Tuesday, June 17, 2014

Editing and Polishing - in Layers!

There is soooo much that goes into writing a book. I seriously had no clue when I started writing. And that’s probably a good thing, because it would have been pretty freaking intimidating if I’d realized what I was getting myself into. Luckily, I was totally ignorant and plunged in headfirst. :) And you should too! Then, when you’ve got a crummy first draft to work with, come back here and check out these ideas for editing.

The funny thing about books with writing that feels effortless is that they’re the ones that take the most effort. And I find that, for me, it works best to spend that effort in layers. That way, I can focus on one thing at a time and really make it shine before moving on to anything else. This may not work for everyone, but I thought I’d share how I edit. My layers, if you will. So without further ado, here you go!

Draft 1: Get it all out there. Anything goes in this stage. Toss in anything you think you might want to use later. If you discover later that it’s not working or it’s not right for this work, it’s easy to toss out. I think it was Shannon Hale who said that the first draft is all about getting the sand in the sandbox - later drafts are when you build the castle. This draft is always fun because it’s so freeing to just be able to write write write! That’s what I love about this layer system - I don’t have to worry that I’m doing it wrong because I know I’ll come back later to fix it. It takes so much pressure off! 

Draft 2: Plot, plot, plot. By now, I’ve usually got a good idea of what’s working in my story and what’s not and I can see the shape I want it to take. Before we work on any of the details, we want to be sure to take care of the big picture. There’s no point making the sentences all pretty if you decide (after months of making those sentences nice and pretty) that you actually don’t even want that scene in there anymore! Hammer this out until you’re sure it’s where you want it (and then be prepared to let that go later, if necessary!) 

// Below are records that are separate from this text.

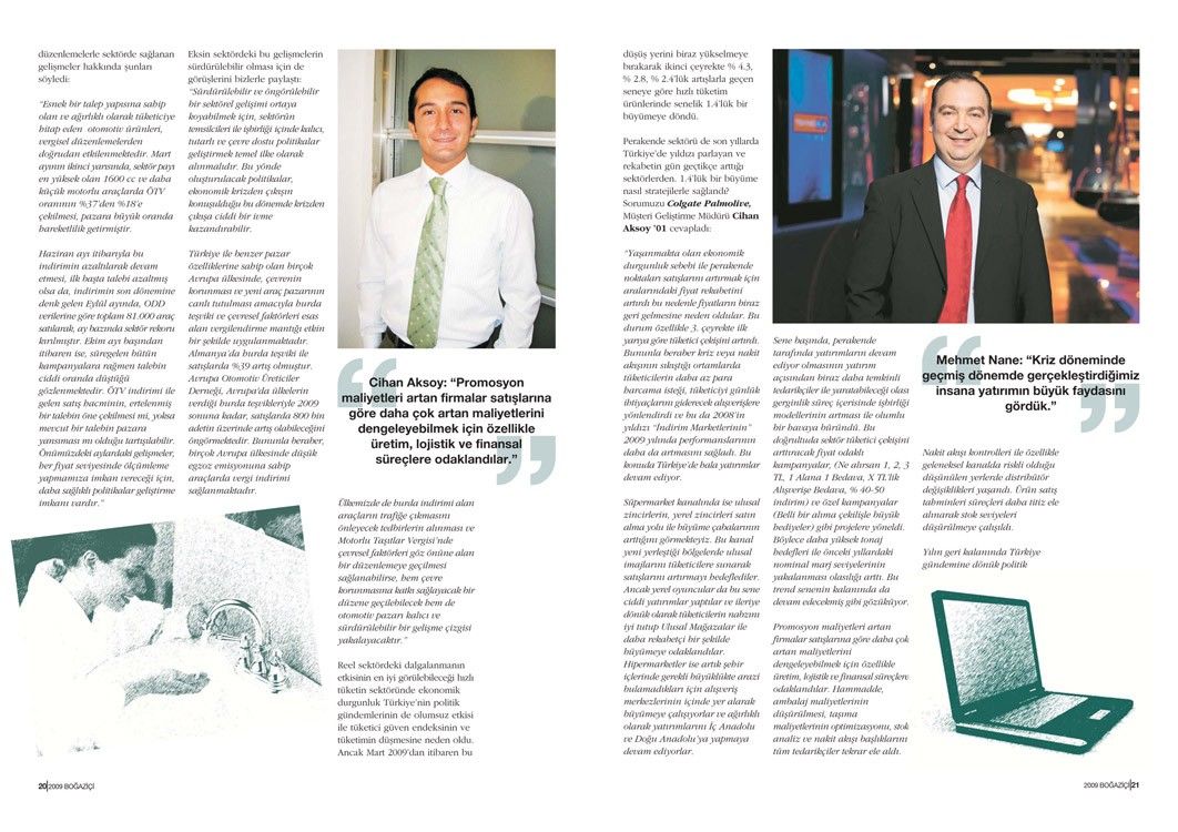 “Yaşanmakta olan ekonomik durgunluk sebebi ile perakende noktaları satışlarını artırmak için aralarındaki fiyat rekabetini artırdı bu nedenle fiyatların biraz geri gelmesine neden oldular. Bu durum özellikle 3. çeyrekte ilk yarıya göre tüketici çekişini artırdı. Bununla beraber kriz veya nakit akışının sıkıştığı ortamlarda tüketicilerin daha az para harcama isteği, tüketiciyi günlük ihtiyaçlarını giderecek alışverişlere yönlendirdi ve bu da 2008’in yıldızı “İndirim Marketlerinin” 2009 yılında performanslarının daha da artmasını sağladı. Bu konuda Türkiye’de hala yatırımlar devam ediyor.
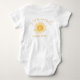 Are you planning a girl's first birthday party? This cute baby bodysuit is decorated with a yellow watercolor smiling sun and features the phrase "First Trip Around the Sun" in stylish script typography. Easily customizable with the birthday boy's name. Original Watercolor © Michele Davies.
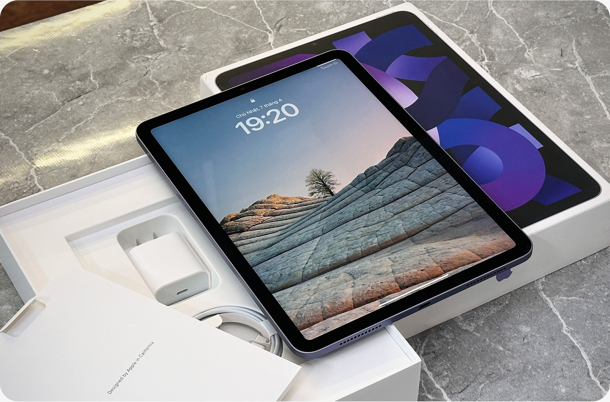 iPad Air 5 Like New đang bán tại Reseller có đầy đủ hộp, sạc cáp, sách hướng dẫn sử dụng theo máy.
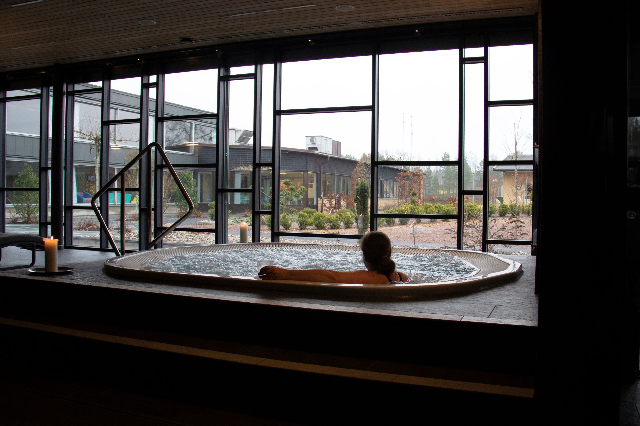 I en rogivande miljö får ni tillgång till bubbelpool, bastu, kallbad, kneippbad, upplevelsedusch och fotbad – allt designat för att ge maximal avkoppling och återhämtning. Från relaxen har ni utsikt över den anlagda trädgården, som skapar en harmonisk inramning för er vistelse.
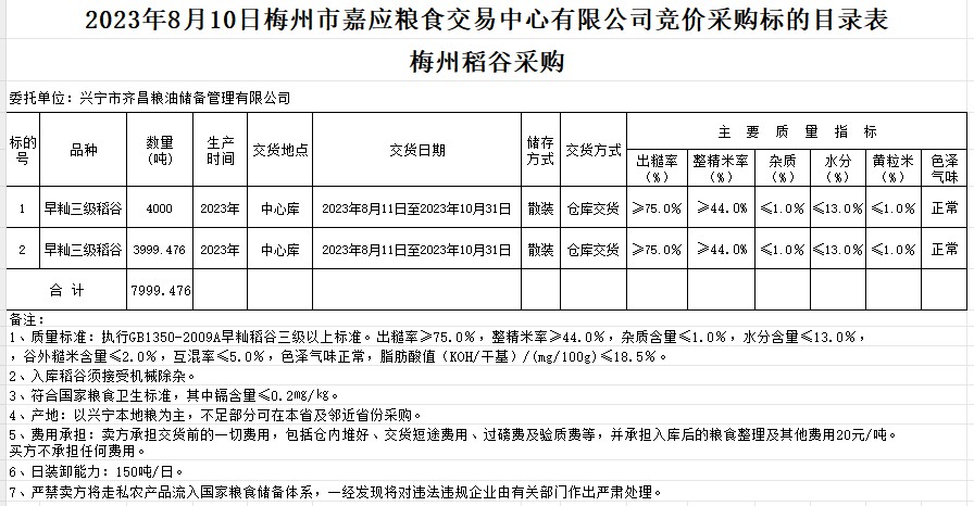 受客戶委托,梅州市嘉應(yīng)糧食交易中心有限公司定于2023年8月10日(星期四)舉辦糧食競(jìng)價(jià)交易會(huì)。興寧市齊昌糧油儲(chǔ)備管理有限公司擬采購(gòu)2023年早秈稻7999.476噸。

For me, draft 2 is usually a total rewrite. I’ve found that usually the first ending I think of is the totally wrong one (because it usually feels stale and predictable to me) and the beginning is often in the wrong place. That’s what draft 1 is for - discovering all the pieces I have at my disposal. Draft 2 is about throwing out what doesn’t work and grabbing anything I didn’t realize I would need. 

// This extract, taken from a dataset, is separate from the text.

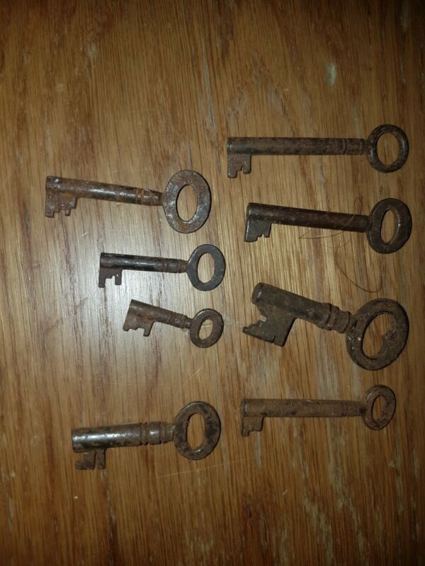 Title (ebay affiliate link): 8 Old Antique Vintage Keys for Cabinet, Cupboard, Doors, Furniture complex keys
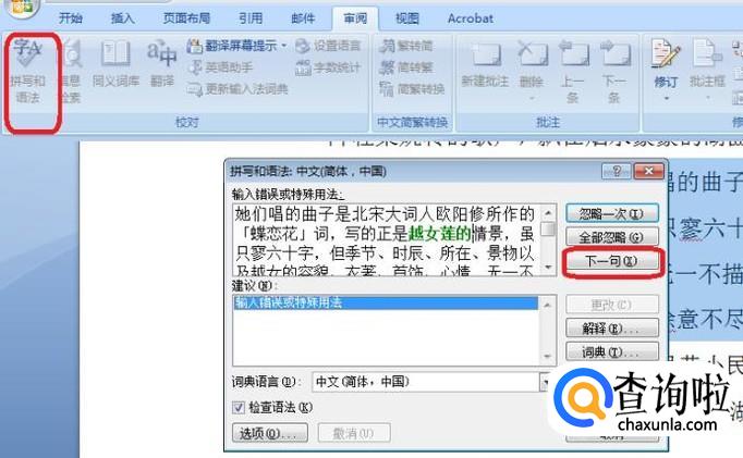 在通读文章的基础上,我们也可以选择点击“拼写与语法”按钮,快速找到拼写和语法有疑义的地方,起到辅助检查的效果。

Draft 3: Character time, baby! Because you’ve figured out the plot already, you know what you want of your characters doing - now you’ve gotta figure out why. Hopefully, you’ve already figured out most of that. But this is what this layer is really focusing in on - making sure it’s coming through for your reader and really making those characters sing! If the characters are flat, your book will be flat. Characters are the heart and soul of story. Now is the time to really look at each and every character’s motivation - is every move made by every character motivated by something? Is that motivation clear on the page? How are the characters relating to one another? If you can really get us caring how people’s relationships are, we feel it that much more when something sours the relationship - a brother pitted against brother, lovers torn apart, parents watching children struggle - all the classics! (This one’s especially important! The moments when characters are interacting are the moments when we have double the amount of emotion that can be felt - a dose for each person! Make it count!) How does each character see the world and is that evident in the way they’re written (particularly for POV characters). 

It’s worth noting that when I say ‘draft 3’ by this point, I’m usually done rewriting from scratch. It’s more of a go through chapter by chapter process for me, changing things up, while realizing those changes may still be pretty significant as far as the words go. But the story, remember, is mostly the same (except of course, when it isn’t. :) Following?). 

Draft 4: This draft is a lot of little things. I usually take it a chapter at a time, and look through it for one of these things, then the next. None of them take a super long time so this works for me. Let’s take a look.

You’ve got a good story, you’ve got awesome characters, let’s take a look at your setting. It’s like being back in my theater days - I’ve learned my lines, figured out my character, memorized the blocking, and now it’s time to add the sets! Typically we’d have an idea of where the set pieces were going to be and my teacher would have tape down on the ground to mark it off. Similarly, you should have a good idea of your setting from the get-go - it often plays a part in shaping plot - but in this round (which actually isn’t so much a draft as just an edit) I ‘bring in the set.’ I’ve got color added all of a sudden and shape and texture and height. This is the time to really focus on those setting details and making the world come to life. 

In addition to setting, now’s the time to take a good hard look at pacing. Are you getting in to scenes late and leaving early? Do your character arcs fall against each other in a way that keeps the tension up? Are there emotional beats? Is there any part that’s dragging? Take a good look at your middle especially - is it sagging?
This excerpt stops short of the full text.